Gastroenterology Coding Alert

You Be the Expert:

Update Your Software to Prevent Viruses

Question: During an ERCP, the gastroenterologist made numerous attempts with the catheter tip and with the guidewire, all of which failed. Then he used the standard Hydratome™, (or similar special sphinteratome) but over the course of an hour, the physician did not perform a single direct cannulation of either the common bile duct or pancreatic duct, nor did he insert the wire or contrast. What modifier should I use for this?

Codify Subscriber

Answer: During an ERCP (endoscopic retrograde cholangiopancreatography), visualization of the bileducts and the pancreatic ducts is an integral part of the standard procedure. If your gastroenterologist runs into problems visualizing any of the ducts (bile and pancreatic), he has performed an incomplete procedure.

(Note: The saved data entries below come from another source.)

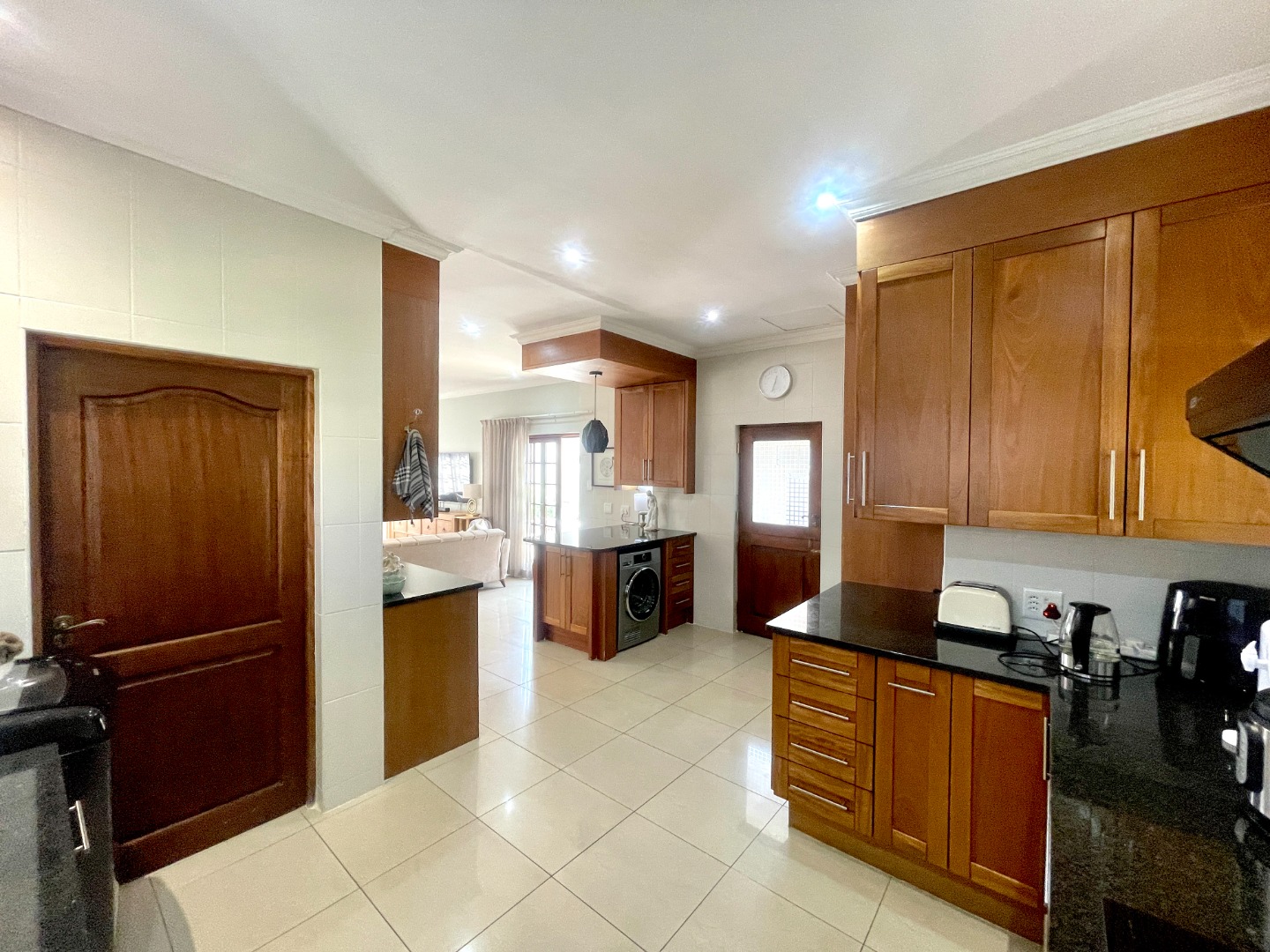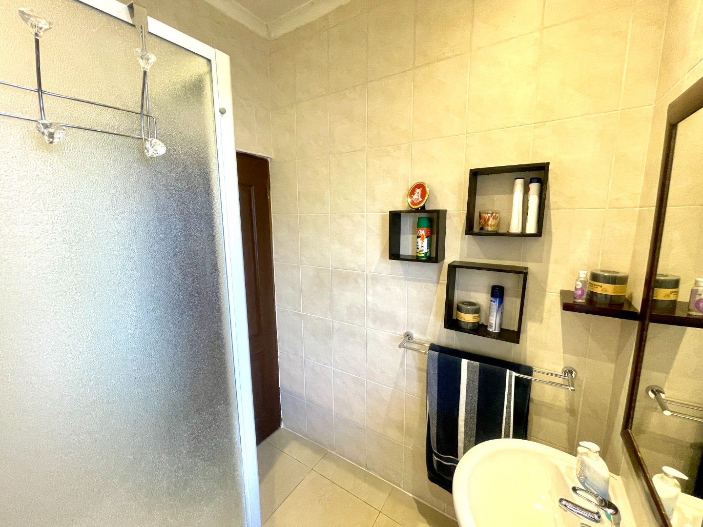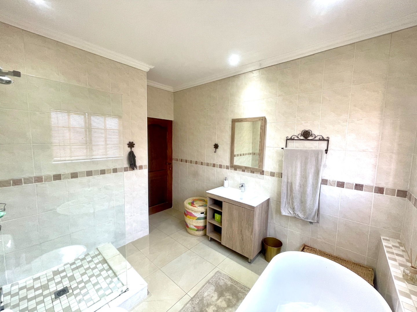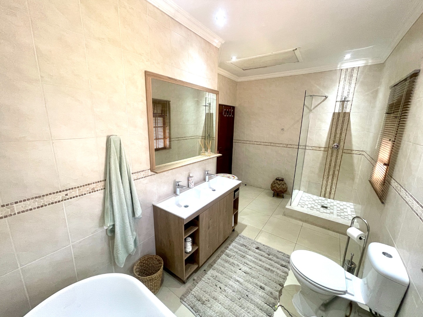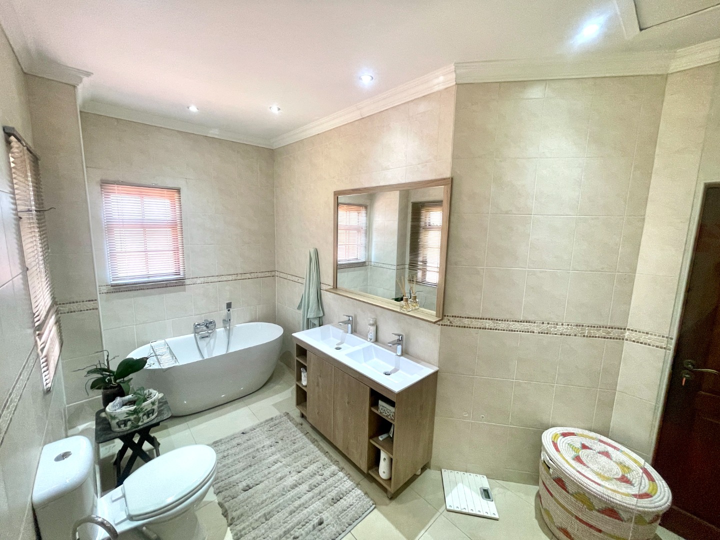 The thoughtfully designed kitchen is a culinary dream with a central island, gas hops, walk-in pantry, and space for three appliances and generous walk-in pantry, while the open-plan layout flows effortlessly into expansive living and dining areas, including a cozy library nook. Double wooden doors open out to your entertainment haven – a covered patio with built-in braai overlooking a sparkling pool and lush, private garden. Upstairs, three beautifully finished bedrooms provide restful retreats, including a renovated main bedroom with a large en-suit bathroom. Bonus features include a separate en-suite staff room (ideal as a separate flatlet), ample storage, oversized garages, a trailer parking, and energy-efficient extras like a 5KW inverter, battery, and 8 solar panels.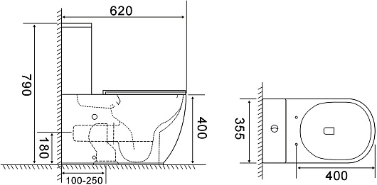 - Размер (ШxВxГ): 355 x 790 x 620 мм.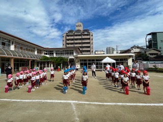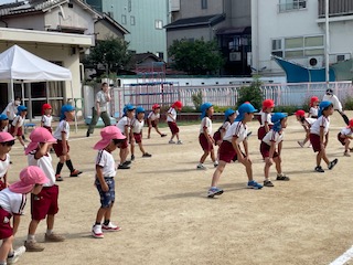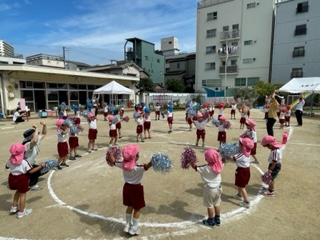 他のクラスの演技や競技にも興味をもち、「青組さんのバルーン、すごいね」「赤組さん、たくさん玉入ってる」「桃組さん、上手にクモの巣くぐってるね」などと見たり、応援したりすることも楽しんでいました♪
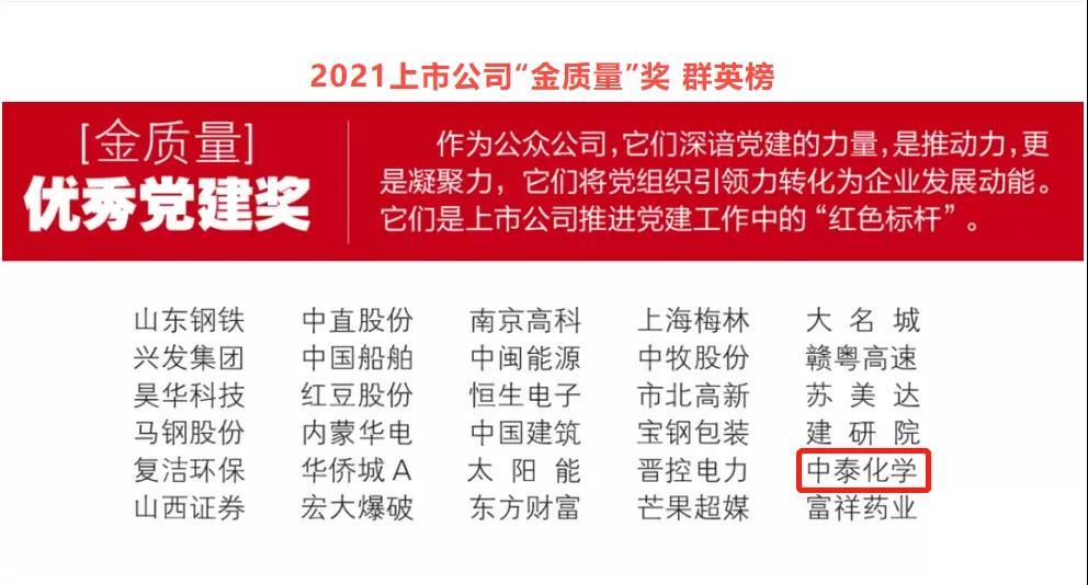 中泰化學(xué)榮獲2021上市公司“金質(zhì)量”優(yōu)秀黨建獎

In the case of many endoscopic procedures, when incomplete/reduced or discontinued, there are modifiers 52 (Reduced services) and 53 (Discontinued procedure), respectively, that may be applied. However, in the case of ERCP, there is a clear instruction in the CPT® introduction to the ERCP section that states, “To report ERCP attempted but with unsuccessful cannulation of any ductal system, see 43235-43259, 43266, 43270.” This means that only an esophagogastroduodenoscopy procedure was performed, for which you would report 43235 (Esophagogastroduodenoscopy, flexible, transoral; diagnostic, including collection of specimen[s] by brushing or washing, when performed [separate procedure]) if no biopsies or other therapeutic procedures were performed. Thus, a failed ERCP is not only time-intensive but also is paid at a significantly lower level.